Wednesday, December 10, 2014

Writing Advice from Frank Herbert: Concentrate on story

I agree completely with Frank Herbert (whose ground-breaking book Dune was rejected by publishers 20 times, by the way.)

Story is everything.

Though Herbert is giving this advice to beginners, it is something published writers need to keep in mind as well, especially as they launch into experimental forms. Stories need to have a beginning, a middle and an end - although not necessarily in chronological order.

And, like Ray Bradbury, Herbert believed that metaphor lay at the heart of a novel.


Writing advice from Frank Herbert, originally published in WotF Vol 2:

The single most important piece of advice I ever got was to concentrate on story. What is “story”? It’s the quality that keeps the reader following the narrative. A good story makes interesting things happen to a character with whom the reader can identify. And it keeps them happening, so that the character progresses and grows in stature.

A writer’s job is to do whatever is necessary to make the reader want to read the next line. That’s what you’re supposed to be thinking about when you're writing a story. Don’t think about money, don’t think about success; concentrate on the story—don’t waste your energy on anything else. That all takes care of itself, if you’ve done your job as a writer. If you haven’t done that, nothing helps.

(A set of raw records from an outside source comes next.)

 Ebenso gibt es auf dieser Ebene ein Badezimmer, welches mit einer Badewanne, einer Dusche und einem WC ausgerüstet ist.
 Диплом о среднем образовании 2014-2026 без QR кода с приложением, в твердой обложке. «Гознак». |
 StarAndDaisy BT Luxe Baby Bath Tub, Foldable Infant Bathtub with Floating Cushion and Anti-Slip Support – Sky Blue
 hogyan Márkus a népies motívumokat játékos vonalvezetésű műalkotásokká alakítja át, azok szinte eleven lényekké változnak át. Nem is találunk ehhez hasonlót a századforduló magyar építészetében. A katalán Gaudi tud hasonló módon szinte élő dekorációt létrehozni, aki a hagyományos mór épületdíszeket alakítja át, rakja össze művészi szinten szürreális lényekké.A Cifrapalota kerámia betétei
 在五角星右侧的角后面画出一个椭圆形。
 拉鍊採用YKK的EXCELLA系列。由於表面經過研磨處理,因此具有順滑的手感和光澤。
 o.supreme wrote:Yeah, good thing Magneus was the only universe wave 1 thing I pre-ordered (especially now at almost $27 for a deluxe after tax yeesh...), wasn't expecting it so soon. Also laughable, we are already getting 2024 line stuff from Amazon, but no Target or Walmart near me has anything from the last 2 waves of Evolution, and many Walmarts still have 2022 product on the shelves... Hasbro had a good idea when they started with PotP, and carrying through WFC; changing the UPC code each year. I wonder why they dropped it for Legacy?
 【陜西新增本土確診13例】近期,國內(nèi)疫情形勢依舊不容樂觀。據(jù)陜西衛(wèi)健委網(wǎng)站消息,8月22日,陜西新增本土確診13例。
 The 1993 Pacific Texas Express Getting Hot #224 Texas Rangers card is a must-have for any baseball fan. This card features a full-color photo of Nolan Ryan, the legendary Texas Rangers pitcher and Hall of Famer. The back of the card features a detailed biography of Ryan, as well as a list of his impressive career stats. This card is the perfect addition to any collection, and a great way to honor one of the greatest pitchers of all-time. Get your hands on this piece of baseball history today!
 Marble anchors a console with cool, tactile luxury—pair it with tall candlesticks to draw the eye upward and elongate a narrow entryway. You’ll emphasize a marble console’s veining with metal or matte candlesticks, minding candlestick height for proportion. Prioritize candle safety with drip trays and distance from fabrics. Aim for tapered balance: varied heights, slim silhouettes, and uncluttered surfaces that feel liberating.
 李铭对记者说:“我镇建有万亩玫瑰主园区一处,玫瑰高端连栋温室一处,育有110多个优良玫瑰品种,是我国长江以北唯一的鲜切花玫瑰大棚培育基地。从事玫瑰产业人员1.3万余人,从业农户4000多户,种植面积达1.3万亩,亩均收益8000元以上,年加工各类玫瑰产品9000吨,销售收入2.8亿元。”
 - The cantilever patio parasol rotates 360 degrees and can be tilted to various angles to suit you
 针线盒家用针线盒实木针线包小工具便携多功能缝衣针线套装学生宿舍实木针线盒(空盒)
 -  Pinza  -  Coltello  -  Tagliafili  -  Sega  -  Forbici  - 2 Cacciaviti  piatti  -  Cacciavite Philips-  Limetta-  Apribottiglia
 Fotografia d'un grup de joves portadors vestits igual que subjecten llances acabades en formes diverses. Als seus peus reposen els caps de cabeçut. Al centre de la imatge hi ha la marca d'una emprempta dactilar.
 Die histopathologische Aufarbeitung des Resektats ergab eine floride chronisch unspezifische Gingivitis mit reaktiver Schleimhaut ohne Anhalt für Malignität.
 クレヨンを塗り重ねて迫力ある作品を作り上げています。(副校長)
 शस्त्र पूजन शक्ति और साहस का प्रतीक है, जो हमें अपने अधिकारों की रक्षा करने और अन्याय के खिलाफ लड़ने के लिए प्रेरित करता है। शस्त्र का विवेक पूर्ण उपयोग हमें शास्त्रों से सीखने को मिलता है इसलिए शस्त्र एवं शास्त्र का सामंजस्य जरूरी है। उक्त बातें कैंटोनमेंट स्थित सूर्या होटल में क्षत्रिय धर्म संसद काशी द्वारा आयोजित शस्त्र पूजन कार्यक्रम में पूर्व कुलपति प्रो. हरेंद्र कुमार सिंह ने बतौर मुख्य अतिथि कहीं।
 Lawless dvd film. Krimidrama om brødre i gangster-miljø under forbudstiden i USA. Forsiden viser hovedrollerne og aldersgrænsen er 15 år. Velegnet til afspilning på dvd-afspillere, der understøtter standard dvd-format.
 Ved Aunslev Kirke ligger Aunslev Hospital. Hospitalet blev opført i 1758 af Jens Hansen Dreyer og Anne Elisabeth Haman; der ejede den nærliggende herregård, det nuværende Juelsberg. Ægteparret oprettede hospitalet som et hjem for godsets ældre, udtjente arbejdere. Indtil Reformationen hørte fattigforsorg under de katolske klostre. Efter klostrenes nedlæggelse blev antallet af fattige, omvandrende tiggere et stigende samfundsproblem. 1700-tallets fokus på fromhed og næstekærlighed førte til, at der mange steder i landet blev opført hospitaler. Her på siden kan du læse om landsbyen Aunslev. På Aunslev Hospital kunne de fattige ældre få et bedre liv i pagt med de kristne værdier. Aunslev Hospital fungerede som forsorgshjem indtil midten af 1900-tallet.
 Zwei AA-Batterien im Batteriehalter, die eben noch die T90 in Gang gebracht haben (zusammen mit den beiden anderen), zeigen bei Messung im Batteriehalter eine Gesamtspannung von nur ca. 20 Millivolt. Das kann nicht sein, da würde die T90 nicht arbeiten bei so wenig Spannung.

I first heard this from literary agent Lurton Blassingame, a highly respected expert on successful storytellers and storytelling. He’s a man who’s been watching writers’ careers and building writers’ for decades. And I have heard essentially the same thing from many other successful figures in writing; some of the top writers in the world have said it. It is the best advice I can give beginners.”

—Frank Herbert

1 comment:

  1. Informative blog, so much so I bookmarked it for future reference. I have been concentrating on my online stores, my own blogs and when the the new year starts I am going ba k to fiction writing and will schedule a publishing date when what I have written has been polished to the point where it is ready to be published.